Claims of Western involvement
Some social media accounts seized on news that the United States had collected intelligence this month that ISIS-K had been planning an attack on Moscow. They suggested that the Americans, including the C.I.A., were somehow “in on it” or that Washington had not shared its findings with the Kremlin.
In fact, American government officials issued a public warning on March 7 and said they had also privately conveyed that to their Russian counterparts through official channels.
In the days after the attack, a Russian intelligence operation known as Doppelgänger circulated fake posts online asserting Ukrainian or Western involvement “in a coordinated effort to galvanize domestic support, promote unity and escalate Russia’s war in Ukraine,” said Brian Liston, a researcher with Recorded Future, an intelligence threat company.
One article, he noted, appeared on a website linked to Doppelgänger that claimed the British government sought to “deliberately draw attention away from the tragedy because they themselves, together with Ukraine, committed the terrorist attack by the hands of radical Islamists.”

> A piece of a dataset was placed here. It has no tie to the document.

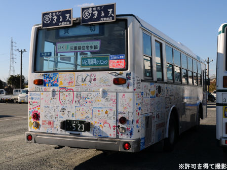 備考 | 7E車体のLT。非公式側にはパートラッピングが施されています。この車は三交伊勢志摩交通の所属となっているようです。15年までにお絵かきラッピング化されています。また、15年にはヘッドライト(ロービーム)LED化・デイライト設置されています。基本的に若い車両にしか施工されていないヘッドライトLED化ですが、三交伊勢志摩交通最古参の3741・3743号車は異例中の異例で施工。16年に別のお絵かきバスになったものの、11月頃に引退。 |

Unsubstantiated claims of American involvement or complicity came not only from the Russians.
Mike Benz, a former official in the Trump administration, said on X that “if the State Dept knew it, the CIA somehow had advance awareness.” He conspiratorially told followers to “fill in the rest yourself.” Later, he wrote that he had “no knowledge of this, direct or indirect, and am not making any claims here,” adding, “Just initial reaction of things that get my hackles up is all.”
The Russian false flag theory
Ukraine and the West, however, were not the only targets for accusations. Officials outside Russia and several social media users with sizable followings suggested that the Kremlin had staged the attack itself so it could generate support for its war in Ukraine. Even the statement from Ukraine’s Foreign Ministry pushed the idea, saying that “there are no red lines for Putin’s dictatorship” and adding, “It is ready to kill its own citizens for political purposes.”
People scrutinized videos from inside the concert hall and suggested that a uniformed man with a dog appeared too calm in the chaos and therefore must have been a government agent complicit in the attack.
Russia’s critics have also recalled a series of deadly apartment building bombings in Russia in 1999 that reignited the country’s civil war in Chechnya. To this day, some suggest the Kremlin orchestrated those bombings to lift Mr. Putin, then a newly appointed prime minister, to greater power.
Identifying the wrong terrorists
Images of five men began circulating online after the attack, with various accounts identifying them as the Crocus gunmen. The men turned out to have been killed in Ingushetia, a region in southern Russia, earlier in March, prompting one high-profile intelligence-focused account to retract its claim linking them to the Moscow attack.
Many of the false narratives about the Crocus attack originated on Telegram, which is popular in Russia, and then fanned out in translation to platforms like X. There, the “enormous push, the need to know what’s happening,” attracted opportunistic commentators, said Roman Osadchuk, a research associate for Eurasia at the Atlantic Council’s Digital Forensic Research Lab. By quickly weighing in on the tragedy — regardless of accuracy — social media users could build their audiences and take advantage of financial incentives, such as an arrangement on X to share advertising revenue from popular posts.
“In any emergency, to be among the first bearers of news helps you receive much of the traffic and followers and be competitive,” he said.